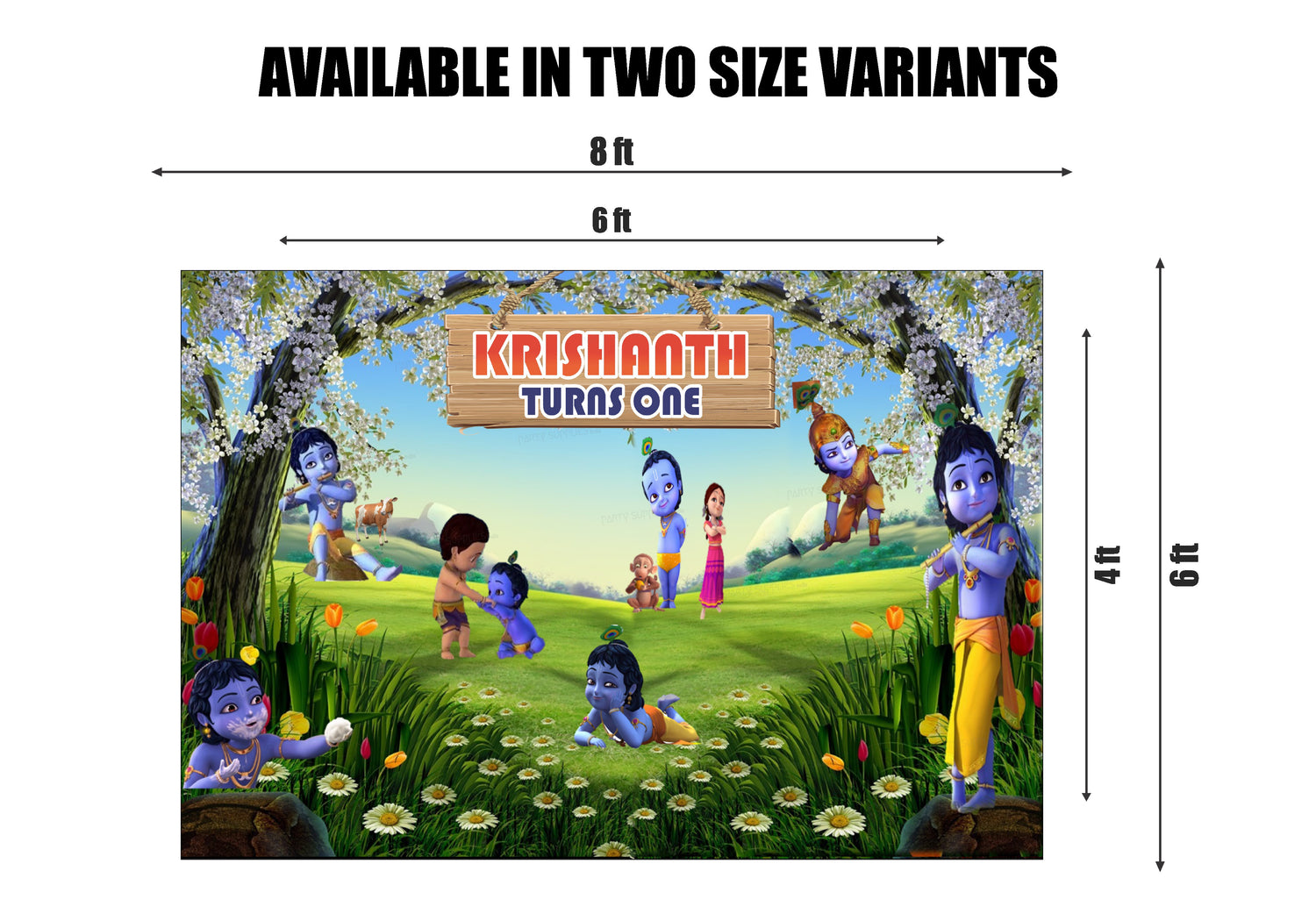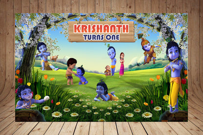 Little Krishna and his friends are an all time favourite among kids and elders.This pretty and colourful backdrop with Little Krishna in Vrindavan brings the mystical environment to your party.
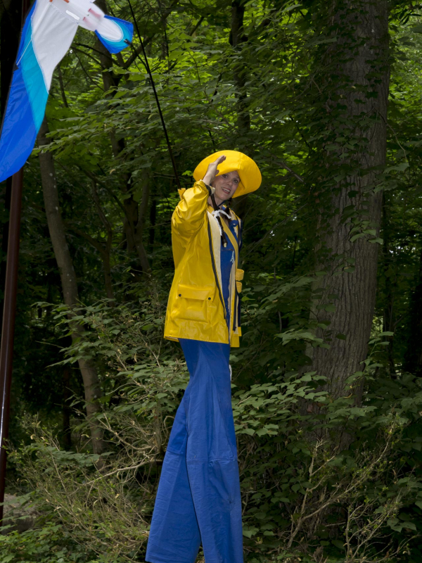 L'échassier pêcheur, bordé dans son ciré jaune, Léon appâte les badauds on leur proposant des acrobaties sur échasse. désespérée par la pollution, il jette une bouteille à la mer en échangeant des nœuds marins contre des papiers souillés. Pour lui , tous les temps sont bons pour écumer les sourires !
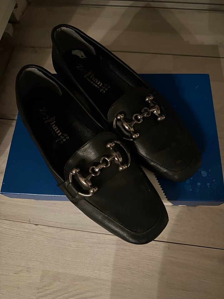 Klasik siyah kadın ayakkabısı, tokalı ve kalın topukludur. Kauçuk malzemeden yapılmış, desen içermeyen bu ayakkabı ofis için uygundur.
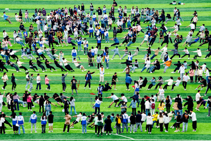 湖北经济学院学生们在操场上参加拔河比赛。杨宏斌 摄

■ Required work:
Print the whole listing exactly, please, and keep any images out of it.

■ Solution to this problem:
 Little Krishna and his friends are an all time favourite among kids and elders.This pretty and colourful backdrop with Little Krishna in Vrindavan brings the mystical environment to your party.
 L'échassier pêcheur, bordé dans son ciré jaune, Léon appâte les badauds on leur proposant des acrobaties sur échasse. désespérée par la pollution, il jette une bouteille à la mer en échangeant des nœuds marins contre des papiers souillés. Pour lui , tous les temps sont bons pour écumer les sourires !
 Klasik siyah kadın ayakkabısı, tokalı ve kalın topukludur. Kauçuk malzemeden yapılmış, desen içermeyen bu ayakkabı ofis için uygundur.
 湖北经济学院学生们在操场上参加拔河比赛。杨宏斌 摄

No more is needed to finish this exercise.